Mas vimos que a atividade do trabalho, que ontologicamente une numa mesma
atividade individual o pensamento e a ação transformadora do objeto, é, com o
desenvolvimento da produção capitalista, dividida em duas funções contrapostas: a
concepção e a execução no interior da fábrica. Precisamos analisar cada uma destas funções
particularmente.
A atividade intelectual, para que não se confundam funções diferenciadas, deve ser
concebida em dois modos absolutamente antagônicos: o projeto referente ao uso capitalista
da força de trabalho (ou seja, a gerência do trabalho na indústria) e a projeção referente às
matérias-primas ou mesmo aos instrumentos de trabalho. No primeiro caso, as diferentes
funções exercidas se vinculam à função do capitalista, que foi subdividida ao longo do
desenvolvimento histórico. A segunda função é decorrente de outra subdivisão, a da divisão
entre trabalho manual e trabalho intelectual.
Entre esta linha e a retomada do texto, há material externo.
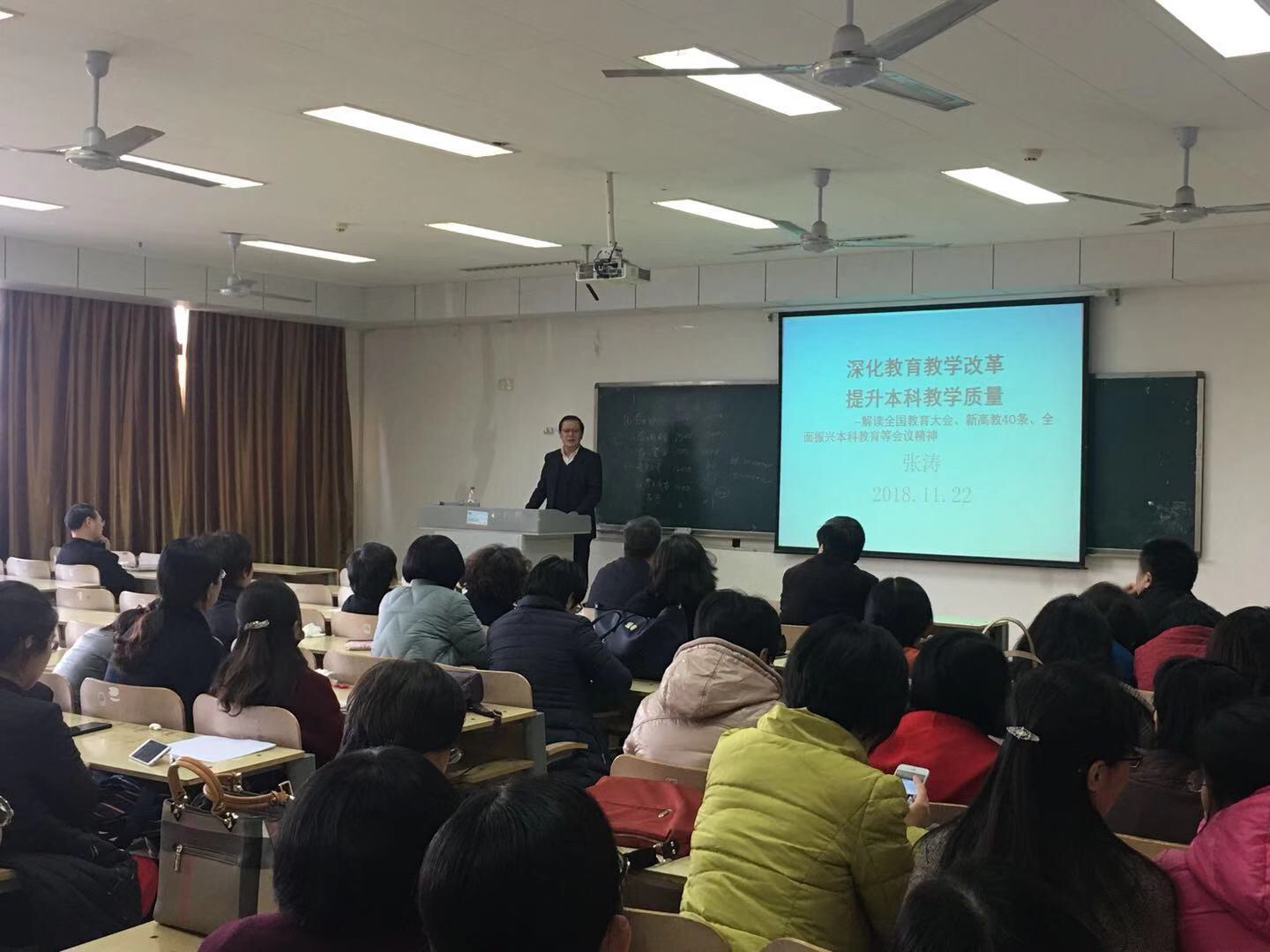 11月22日下午,国外足球预测网站 召开全体教职工大会,国外足球预测网站 党委书记张涛做了题为“深化教育教学改革、提升本科教学质量”的报告,解读全国教育大会精神、学习教育部全国高等学校本科教育工作会议以及新高教40条,分析当前本科教育形势、畅谈高等教育“创新”理念。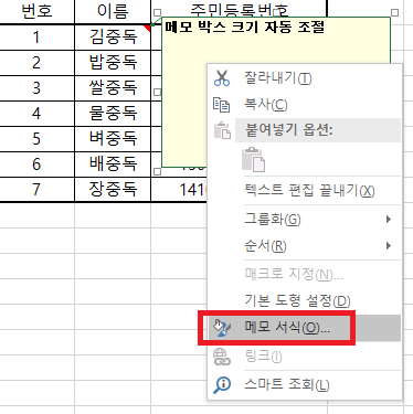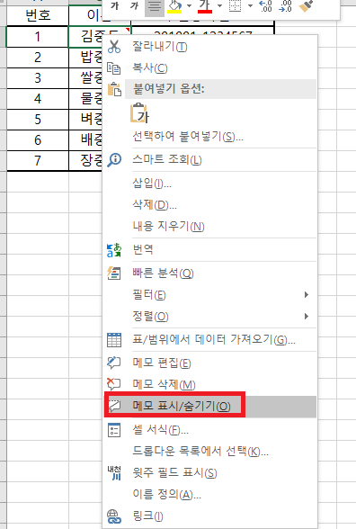 메모를 한 셀에 마우스 오른클릭을 한 후

No primeiro momento, Marx caracteriza este “trabalho intelectual” como “as forças
intelectuais da produção” que passam ao domínio do capitalista. Porém, de fato, isto não se
trata exatamente de “trabalho”, mas sim de gerência da força de trabalho, já que as
habilidades intelectivas referentes às propriedades e manuseio dos meios de produção
continuam sob o controle do trabalhador. Isso muda quando surge, por exemplo, a
figura, ilustrada por Braverman, do “programador de peças” separado do operário manual.
Esta figura pode ser expandida por uma série de funções destinadas a “pensar” ou
projetar as diferentes matérias-primas e instrumentais. Estas funções, à primeira vista,
que são decorrentes da função operária que foi fragmentada, constituiria uma parcela
produtiva da classe trabalhadora, pois o conteúdo teleológico é característica ineliminável
do processo de trabalho e, no capitalismo, esta separação potencializa a produção de mais-
valia.
A unidade do operário manual e o “trabalhador intelectual”, neste sentido, forma o
trabalhador coletivo condição indispensável no processo de produzir mais-valia a partir
de determinado grau de seu desenvolvimento.
O problema, entretanto, é que, muitas vezes, a concepção do objeto está diretamente
vinculada ao seu uso pelo operário, ou seja, é característica de uma parte significativa do
176
“trabalho intelectual” pensar a gerência da força de trabalho junto com o projeto do
material objetivamente necessário à produção. Por isso, excluindo a parcela dos
“trabalhadores intelectuais” dedicados especificamente a “pensar” o produto concreto (que
se configuram como “trabalhadores produtivos”), as funções de “pensar” a gerência da
força de trabalho é realizada por uma heterogênea camada improdutiva. Cabe distinguir se
esta camada compõe o “trabalho improdutivo” ou a própria função administrativa e
gerencial burguesa.
O desenvolvimento do capitalismo dos monopólios desenvolveu amplamente, seja
as camadas de “trabalhadores improdutivos” (detalhamos o trabalho em escritório, em
serviços e situamos algumas outras), como as camadas improdutivas e parasitárias do
capital. Não cabe retomar esta explicação. que somente salientar que uma forma
central de diferenciá-las: a propriedade de capital. Este é o modo objetivo de determinar
esta diferença, o que, por sua vez, não é uma caracterização fácil, tendo em vista a
existência de uma série de funções e camadas intermediárias em constante transformação.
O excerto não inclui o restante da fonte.